===== Supplied entries

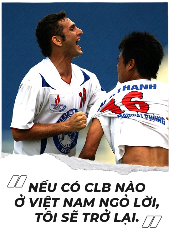 Tôi nghĩ mình vẫn đủ sức để chơi bóng ở Việt Nam và chắc chắn 100% về điều đó. Nếu có CLB nào ở Việt Nam ngỏ lời, tôi sẽ trở lại, nhất là Hải Phòng. Tuổi tác (37 tuổi - PV) không phải vấn đề đâu. Tôi có kinh nghiệm và tôi biết mình vẫn có thể chơi bóng ở đẳng cấp cao như ngày xưa.
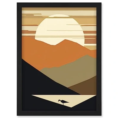 Artery8 Lakeside Mountain Sunset Boho Minimalism Landscape Artwork Framed Wall Art Print A4
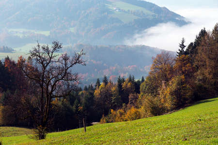 Beautiful landscape with a little fog in Austria country
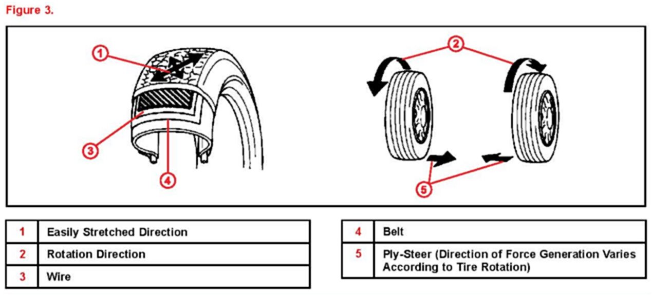 ^ Ply-steer, which changes direction according to the rotation direction of the tires.
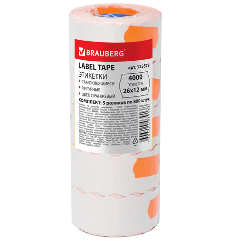 Этикет-лента 26х12 мм, волна, оранжевая, комплект 5 рулонов по 800 шт., BRAUBERG, 123578
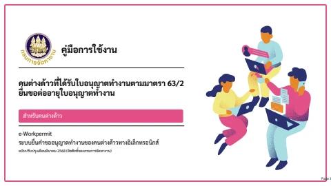 คู่มือ - คนต่างด้าวที่ได้รับใบอนุญาตทำงานตามมาตรา 63/2 ยื่นขอต่ออายุใบอนุญาตทำงาน
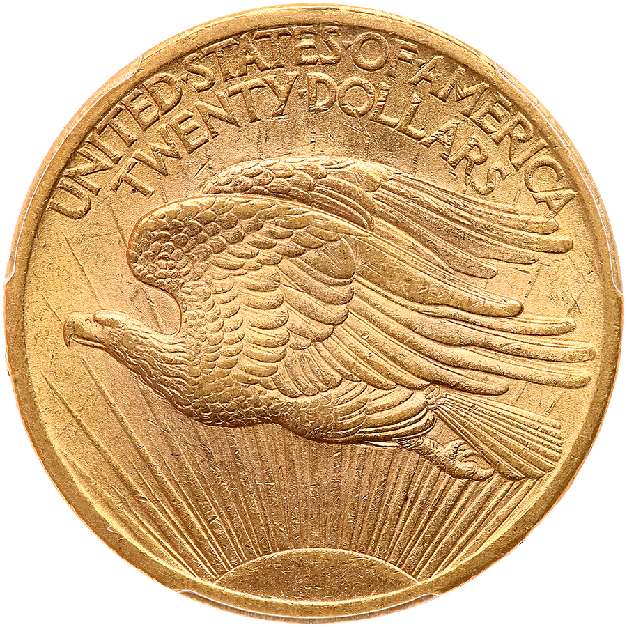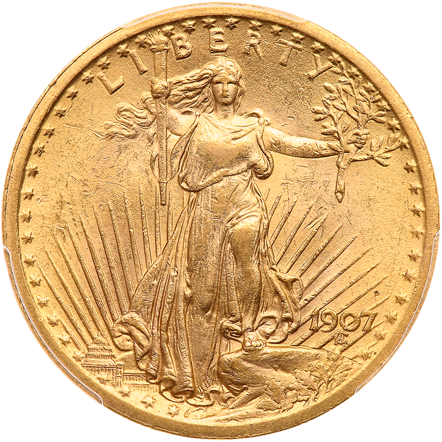 1907 $20 St. Gaudens. Flat Relief PCGS MS62. PCGS graded MS-62. Mostly untoned (PCGS # 9141) Estimated Value $1,300 - 1,350

==========

**Your instructions**
With the pictures left out, copy exactly the lines from the one containing "Beautiful landscape with" through the final line of the records above, both included.

**Answer box**
 Beautiful landscape with a little fog in Austria country
 ^ Ply-steer, which changes direction according to the rotation direction of the tires.
 Этикет-лента 26х12 мм, волна, оранжевая, комплект 5 рулонов по 800 шт., BRAUBERG, 123578
 คู่มือ - คนต่างด้าวที่ได้รับใบอนุญาตทำงานตามมาตรา 63/2 ยื่นขอต่ออายุใบอนุญาตทำงาน
 1907 $20 St. Gaudens. Flat Relief PCGS MS62. PCGS graded MS-62. Mostly untoned (PCGS # 9141) Estimated Value $1,300 - 1,350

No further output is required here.